For Hemodynamically Stable Patients

  • Patients with an unidentified source of bleeding but without need for immediate bleeding control should undergo immediate further investigation to determine the bleeding source 3
  • Consider angiography even with negative CT findings if clinical suspicion for arterial bleeding remains high, as demonstrated in cases where CT angiography failed to detect internal iliac artery bleeding that was subsequently identified on conventional angiography 4
  • For suspected fractures not visible on MRI, consider additional imaging modalities as MRI can detect bone contusions in 52% of patients with recent injuries and fracture lines in 21% of patients with negative radiographs 2

Special Considerations for Specific Clinical Scenarios

For Suspected Pelvic Trauma

  • High-energy injuries to the pelvis are associated with massive hemorrhage, and hemorrhage is the leading cause of death in patients with major pelvic fractures 3
  • Consider angiography in patients with blunt pelvic trauma found to have active arterial extravasation, regardless of bleed size or patient clinical values 3
  • Be aware that arterial hemorrhage due to pelvic injury is less common but presents with high mortality rates 4

For Suspected Soft Tissue Injuries

  • Deep abscesses, compartment syndrome, and necrotizing soft tissue infections require urgent medical attention as they are potentially life-threatening conditions 5
  • Clinical signs of compartment syndrome include pain disproportionate to injury, pain on passive stretching of muscles, and paresthesia or sensory deficits 5
  • High-energy trauma is a risk factor for compartment syndrome, which may not be readily apparent on imaging studies 5

Pitfalls and Caveats

  • Relying solely on a single imaging modality may lead to missed diagnoses, as both CT and angiography have sensitivities of only approximately 75% 1
  • The combination of multiple imaging modalities may be necessary to accurately diagnose internal bleeding and fractures 1
  • Post-angiographic embolization complications can include ischemic necrosis of muscle tissue, which may not be immediately apparent on initial imaging 6
  • MRI is efficient in detecting occult bone injuries missed on radiography but may still miss some fractures and bleeding sites 2
  • Clinical suspicion should guide further investigation even when initial imaging is negative 4

Professional Medical Disclaimer

This information is intended for healthcare professionals.
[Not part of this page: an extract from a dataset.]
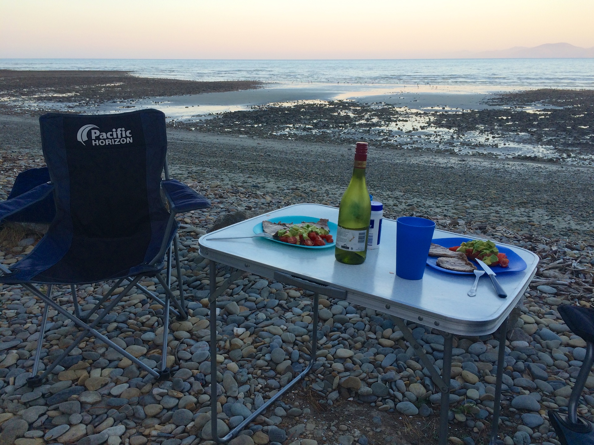 Esa noche fue realmente especial. ¿Vale la pena haber dejado un curro, haberte quedado sin piso, el estrés de los meses previos haciendo los preparativos, y la pena de no poder ver a gente que tantísimo quieres? Por supuesto que vale la pena, sobretodo por momentos como éste. Os pongo en contexto: Ponemos la furgo justo donde empieza la playa, sacamos la mesa y las sillas plegables, y así, en un momento, nos hemos preparado un ambiente idílico, sólo nos faltaban las velas, porque el paisaje era para quitarte el sentío. Nos hicimos un bistec de ternera a la plancha que era otro nivel de delicia, y lo acompañamos de una ensaladita de tomate y aguacate. Teníamos vino blanco, ¡y encima estaba fresquito!!! Los cubiertos eran de plástico si, pero no hubiera podido competir con ese momento ni un restaurante con estrella michelín. Y con el sonido de las olas de fondo, compartimos una velada única.

Any medical decision-making should rely on clinical judgment and independently verified information. The content provided herein does not replace professional discretion and should be considered supplementary to established clinical guidelines. Healthcare providers should verify all information against primary literature and current practice standards before application in patient care. Dr.Oracle assumes no liability for clinical decisions based on this content.